"New Song" is the debut single by musician Howard Jones, released in August 1983. The single reached number three on the UK Singles Chart, spending 20 weeks in the Top 75. On the UK seven-inch single, the song's lyrics are printed in a spiral on the A-side label, with all the credits printed on the B-side. It was released in the US in early 1984, peaking at #27 on the Billboard Hot 100 chart. The track later appeared on Jones' debut album Human's Lib.

Background

Howard Jones said, "In 'New Song,' I wanted a song that was like my manifesto, like why I wanted to be in the business and why I wanted to write songs in the first place.

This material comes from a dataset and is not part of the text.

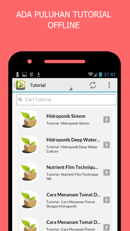 専門家に最初から水耕チュートリアルの何百ものをお楽しみください。各チュートリアルには従ってdengnaイラストはとても簡単です。また、ユーザーが求められる材料を見つける検索機能のチュートリアルがあります。すべてのアプリケーションのオフラインユーザーは、インターネットに接続する必要がなく、このチュートリアル水栽培を使用できるようにします。あなたは水耕栽培を楽しむことができるビデオチュートリアルもあります。

I was working in the factory at the time - I was doing the gigs at night and I was working in the factory. And I wanted to say to people, 'You can. It is possible to do what you really want to do if you've got enough guts and determination. You can do what you're really good at in this life if you set your mind to it.' And so really that's what that song's about. It's about letting go of fear and seeing both sides of an argument and throwing off the things that hold you back mentally."

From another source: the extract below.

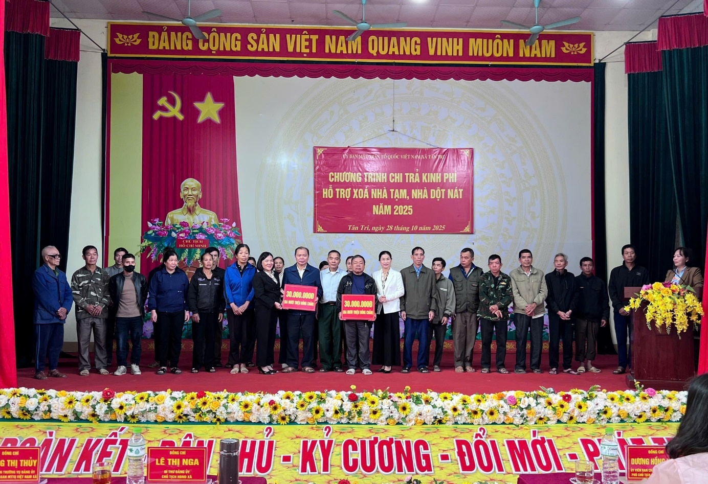 Sáng ngày 28/10/2025 tại Nhà văn hóa xã, Ủy ban Mặt trận Tổ quốc Việt Nam xã Tân Tri tổ chức chương trình chi trả kinh phí hỗ trợ xóa nhà tạm, nhà dột nát năm 2025 cho 45 hộ dân thuộc diện hộ bị ảnh hưởng bởi thiên tai, biến đổi khí hậu và các đối tượng khó khăn về nhà ở trên địa bàn xã, với tổng kinh phí hỗ trợ 1.980.000.000 đồng.

The single's B-side was titled "Change the Man". The twelve-inch single featured an extended version of "New Song" together with "Change the Man" and the original studio version of "Conditioning", which would be re-recorded for Human's Lib. "New Song" itself was later re-recorded for The 12" Album, in a version denoted "New Version". This featured a lot of multi-layered piano, in contrast to the austere synthesizer sound of the original seven and twelve-inch versions.

Equipment used for the song includes a Roland Juno-60 synthesizer, Moog Memorymoog synthesizer, and an E-mu Drumulator drum machine.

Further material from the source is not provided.